[[ Dataset extract open ]]

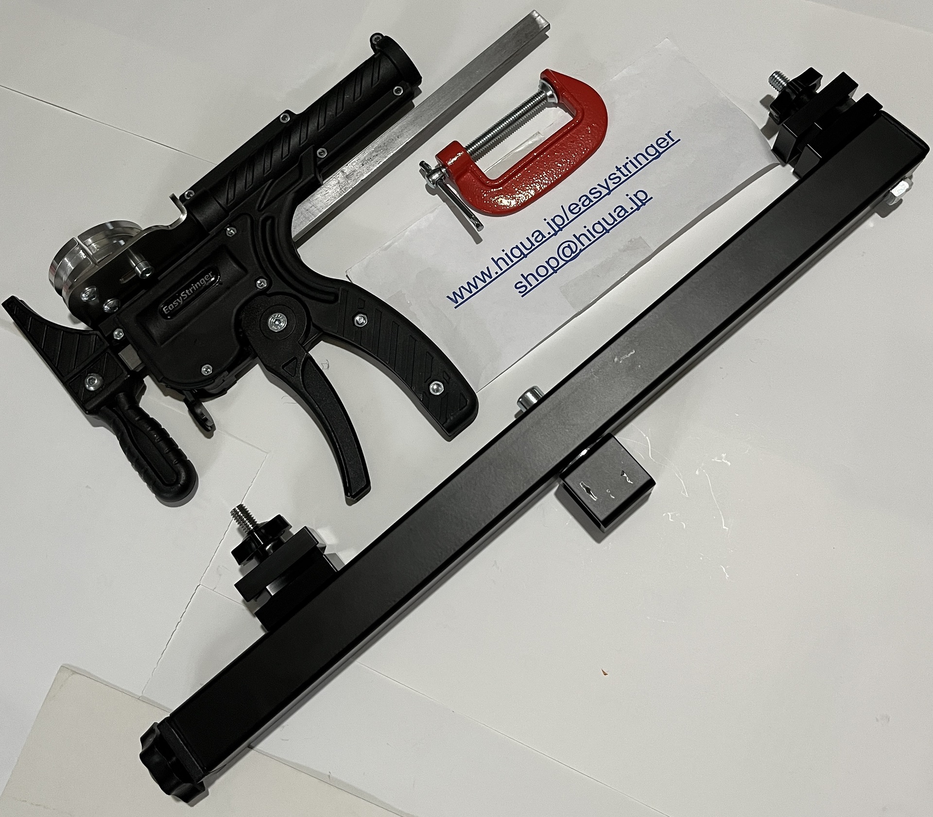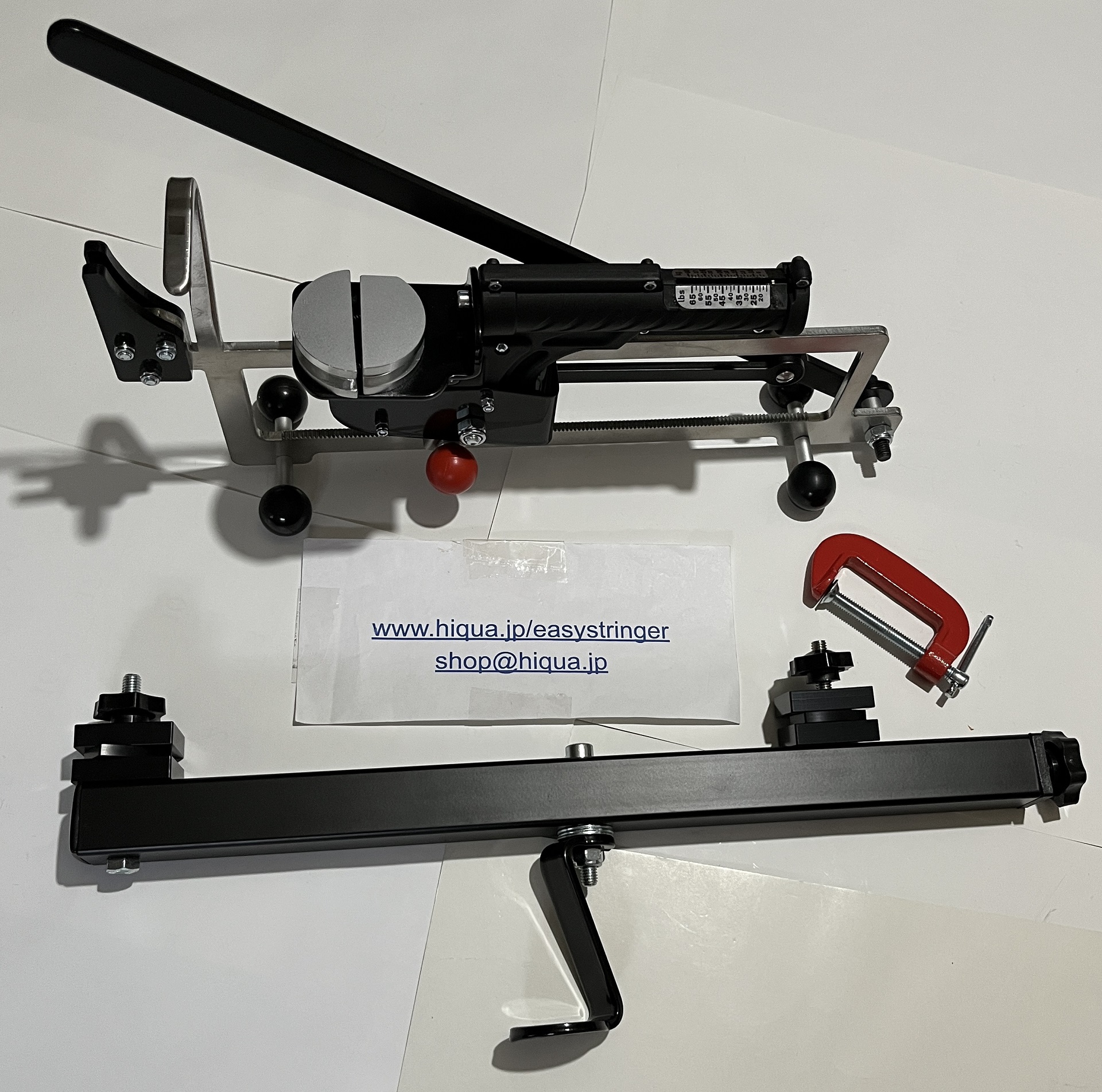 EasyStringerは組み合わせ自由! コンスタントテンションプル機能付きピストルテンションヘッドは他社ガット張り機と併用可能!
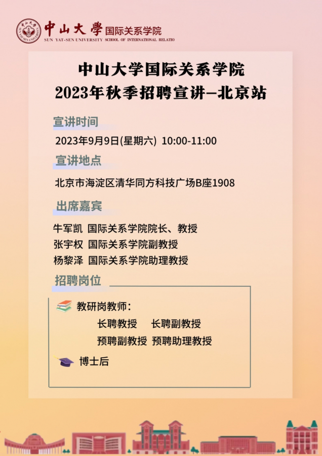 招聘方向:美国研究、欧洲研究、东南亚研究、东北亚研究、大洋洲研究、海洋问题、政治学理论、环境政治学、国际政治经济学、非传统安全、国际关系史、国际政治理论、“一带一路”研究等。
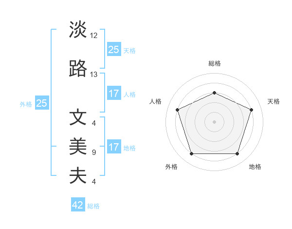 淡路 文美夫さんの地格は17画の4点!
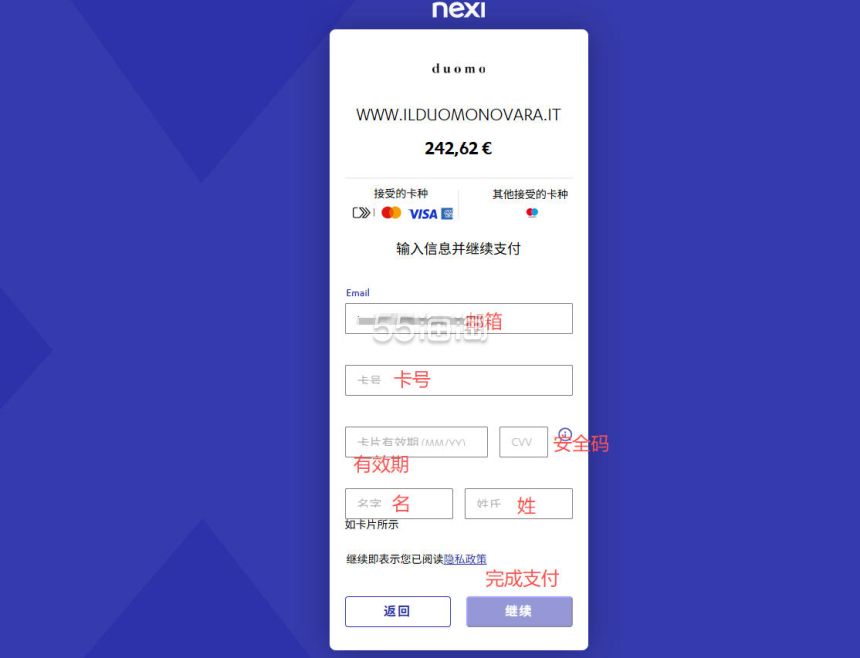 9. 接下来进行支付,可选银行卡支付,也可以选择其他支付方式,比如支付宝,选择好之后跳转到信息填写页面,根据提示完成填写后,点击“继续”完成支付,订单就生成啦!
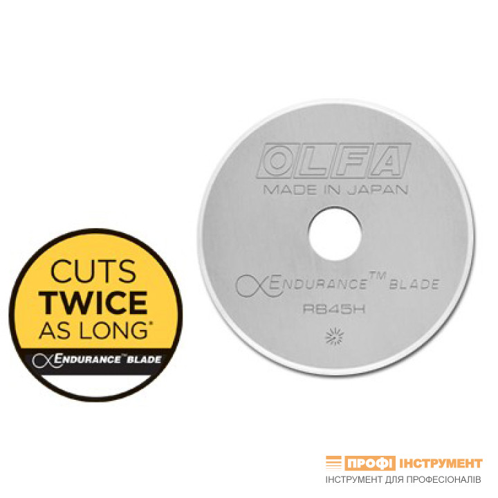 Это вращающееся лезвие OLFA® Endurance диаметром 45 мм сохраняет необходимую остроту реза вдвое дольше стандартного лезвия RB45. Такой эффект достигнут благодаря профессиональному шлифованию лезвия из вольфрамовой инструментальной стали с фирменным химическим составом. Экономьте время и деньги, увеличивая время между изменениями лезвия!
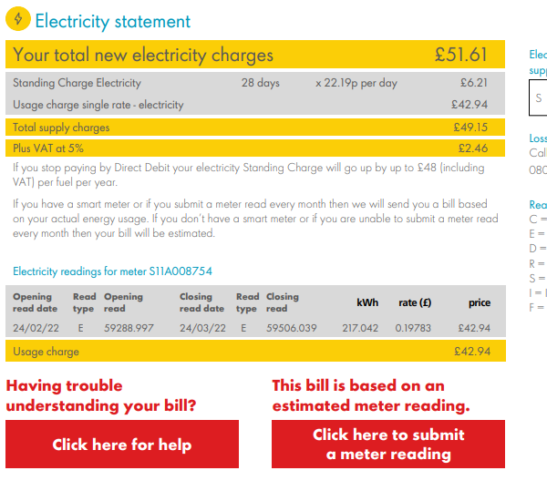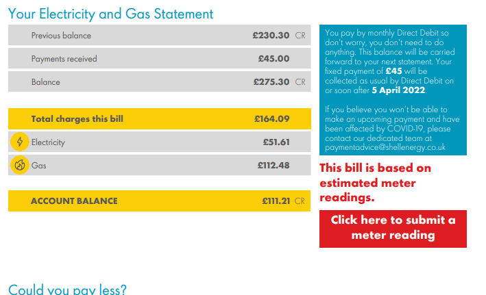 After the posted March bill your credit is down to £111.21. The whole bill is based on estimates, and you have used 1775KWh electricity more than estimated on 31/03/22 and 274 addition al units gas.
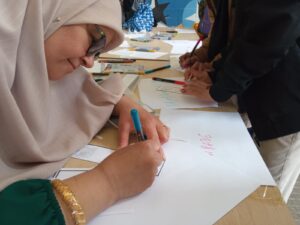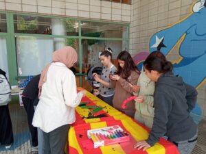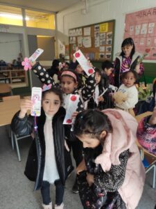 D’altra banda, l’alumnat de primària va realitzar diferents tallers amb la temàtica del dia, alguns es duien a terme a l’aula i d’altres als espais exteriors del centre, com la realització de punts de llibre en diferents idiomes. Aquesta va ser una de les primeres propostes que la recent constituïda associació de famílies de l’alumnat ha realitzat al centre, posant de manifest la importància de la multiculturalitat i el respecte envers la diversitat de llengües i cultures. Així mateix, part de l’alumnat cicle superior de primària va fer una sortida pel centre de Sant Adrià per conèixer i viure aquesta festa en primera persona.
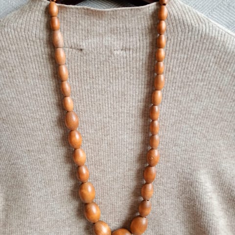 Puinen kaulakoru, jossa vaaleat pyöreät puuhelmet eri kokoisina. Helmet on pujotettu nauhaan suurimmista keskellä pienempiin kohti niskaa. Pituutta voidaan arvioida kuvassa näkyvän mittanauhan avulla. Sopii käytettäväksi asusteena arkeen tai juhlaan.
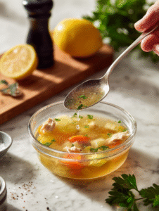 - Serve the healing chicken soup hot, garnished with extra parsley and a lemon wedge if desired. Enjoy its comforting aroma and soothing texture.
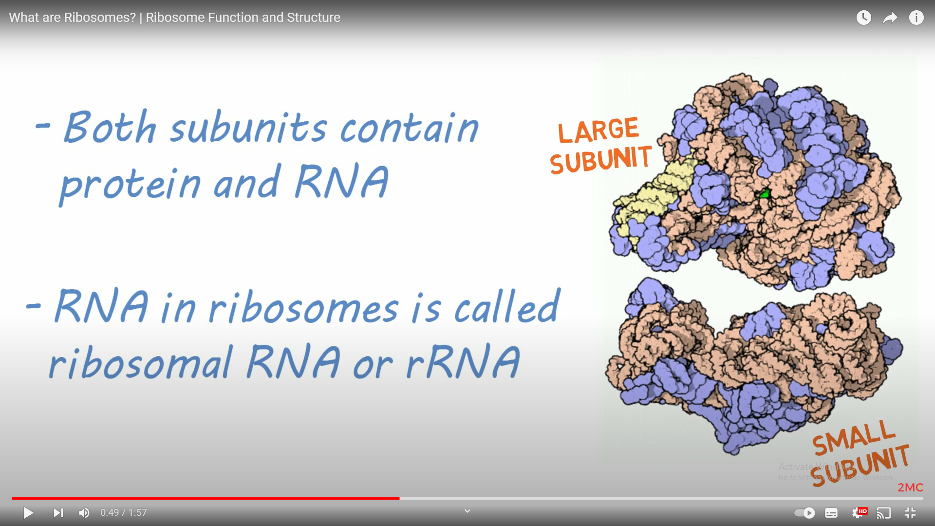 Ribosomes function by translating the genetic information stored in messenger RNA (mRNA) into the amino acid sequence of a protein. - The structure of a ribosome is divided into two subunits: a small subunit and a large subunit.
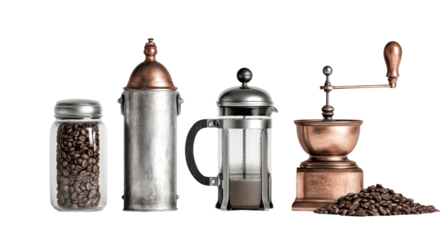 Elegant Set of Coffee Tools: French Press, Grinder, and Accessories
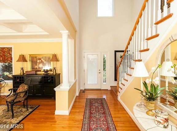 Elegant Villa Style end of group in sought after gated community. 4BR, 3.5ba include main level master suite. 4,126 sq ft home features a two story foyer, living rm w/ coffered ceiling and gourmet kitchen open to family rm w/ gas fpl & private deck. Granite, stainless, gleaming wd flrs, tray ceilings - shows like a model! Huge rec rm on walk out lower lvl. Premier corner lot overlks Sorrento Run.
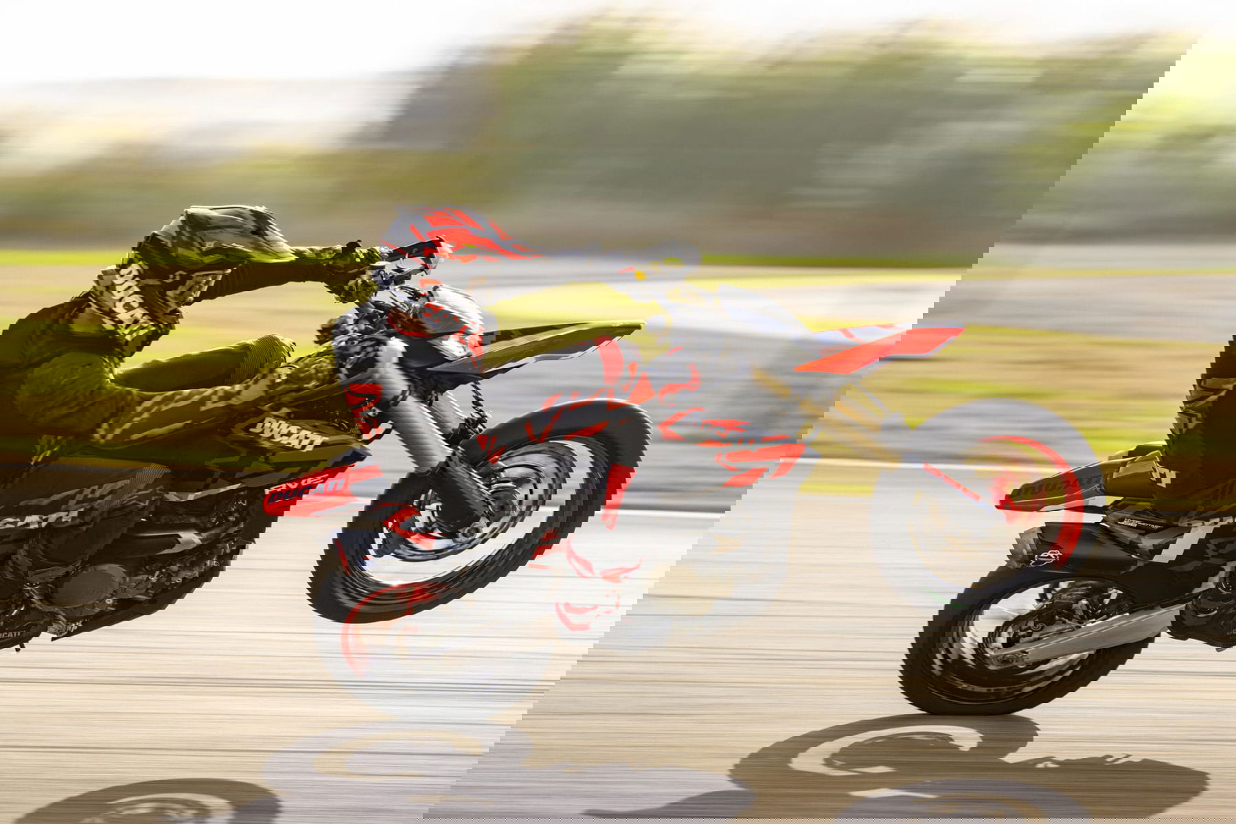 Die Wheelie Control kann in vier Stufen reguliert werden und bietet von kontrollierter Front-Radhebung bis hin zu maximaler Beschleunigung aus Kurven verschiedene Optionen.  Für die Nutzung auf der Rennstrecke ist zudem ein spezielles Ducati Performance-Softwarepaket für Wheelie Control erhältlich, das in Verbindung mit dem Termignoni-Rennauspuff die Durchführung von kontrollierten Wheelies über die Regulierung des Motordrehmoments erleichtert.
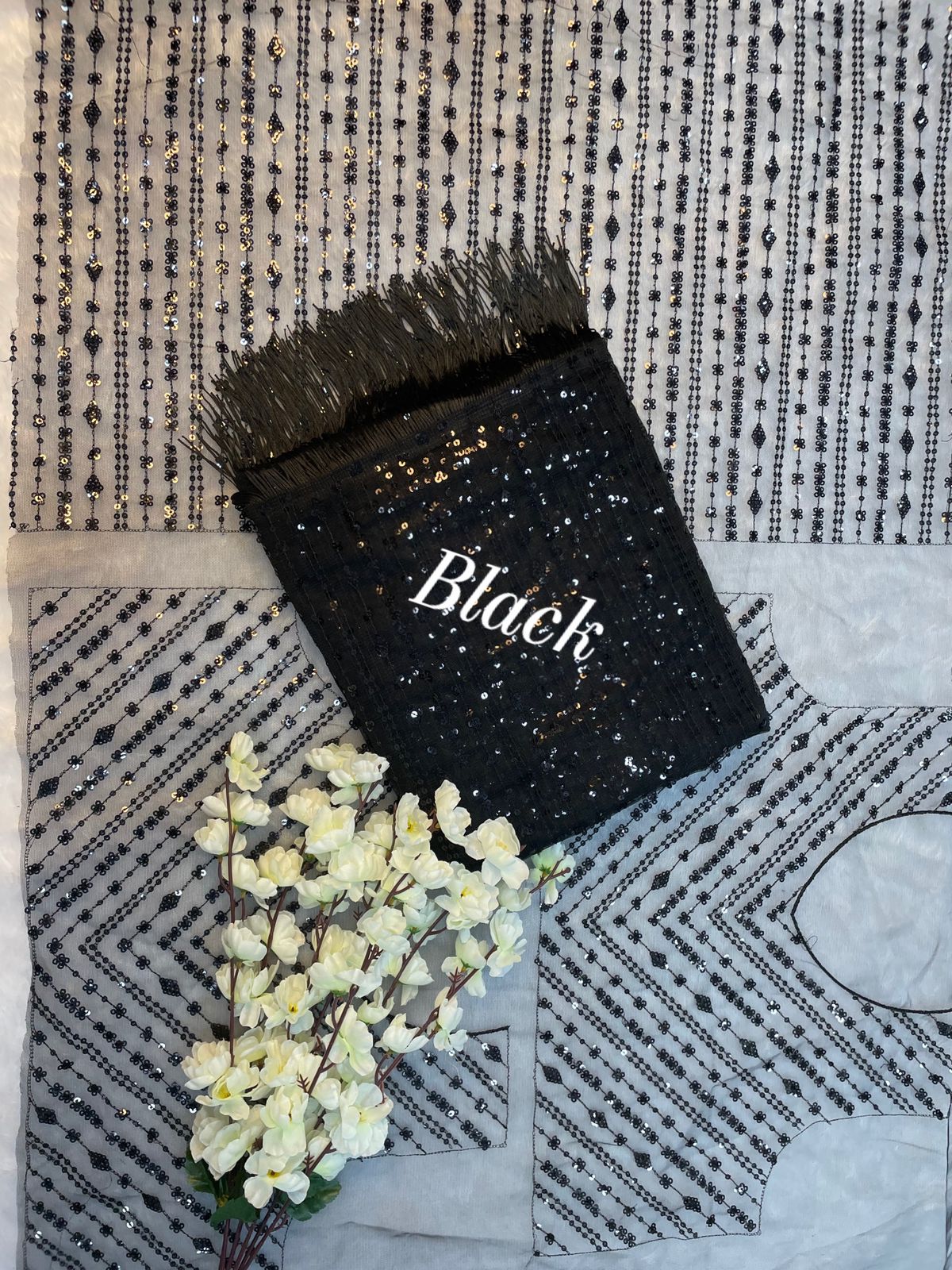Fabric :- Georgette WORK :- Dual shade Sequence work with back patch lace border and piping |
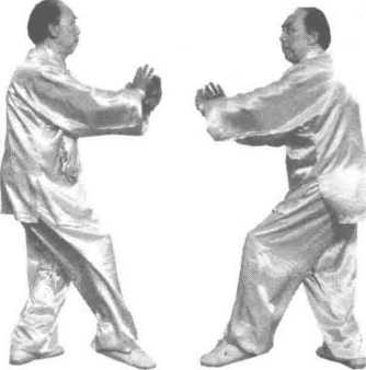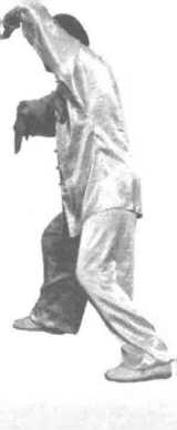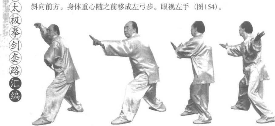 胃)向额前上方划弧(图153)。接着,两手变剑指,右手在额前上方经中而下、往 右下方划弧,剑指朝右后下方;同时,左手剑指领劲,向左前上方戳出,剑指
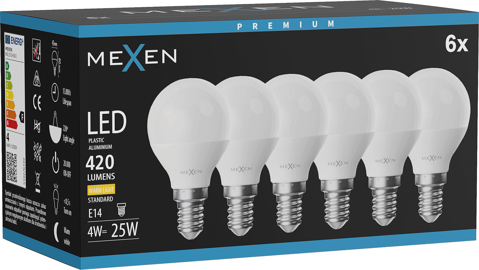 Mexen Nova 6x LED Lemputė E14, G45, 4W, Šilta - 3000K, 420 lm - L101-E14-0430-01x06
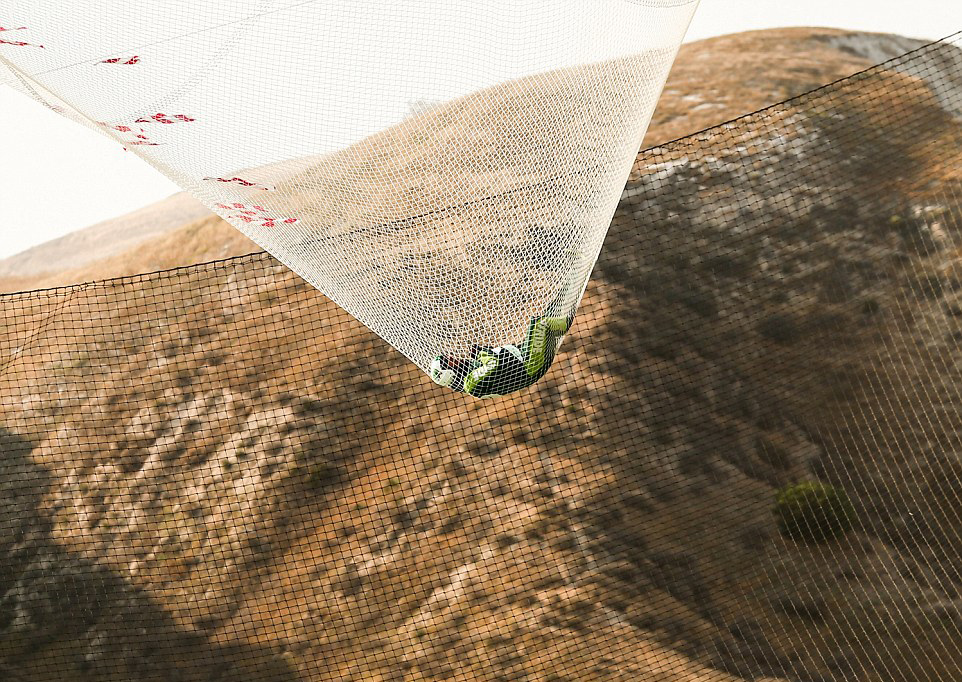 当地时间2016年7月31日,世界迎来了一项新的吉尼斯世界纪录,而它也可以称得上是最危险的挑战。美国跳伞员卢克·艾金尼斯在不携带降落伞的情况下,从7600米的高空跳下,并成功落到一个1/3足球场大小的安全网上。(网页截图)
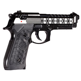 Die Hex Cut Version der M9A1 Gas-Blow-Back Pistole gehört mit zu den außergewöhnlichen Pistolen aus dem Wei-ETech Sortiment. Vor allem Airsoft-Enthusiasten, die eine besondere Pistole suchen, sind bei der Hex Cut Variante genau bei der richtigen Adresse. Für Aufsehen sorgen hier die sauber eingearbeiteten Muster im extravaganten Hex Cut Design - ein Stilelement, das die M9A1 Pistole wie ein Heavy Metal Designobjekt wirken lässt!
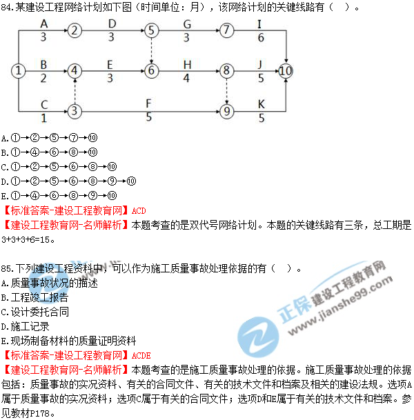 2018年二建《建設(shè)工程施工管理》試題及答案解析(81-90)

[[ Dataset extract closed ]]

_Work to complete_
Copy out the lines above from the line containing "Puinen kaulakoru, jossa" through the line containing "- Serve the", exactly, and keep the pictures out.

_Response to this task_
 Puinen kaulakoru, jossa vaaleat pyöreät puuhelmet eri kokoisina. Helmet on pujotettu nauhaan suurimmista keskellä pienempiin kohti niskaa. Pituutta voidaan arvioida kuvassa näkyvän mittanauhan avulla. Sopii käytettäväksi asusteena arkeen tai juhlaan.
 - Serve the healing chicken soup hot, garnished with extra parsley and a lemon wedge if desired. Enjoy its comforting aroma and soothing texture.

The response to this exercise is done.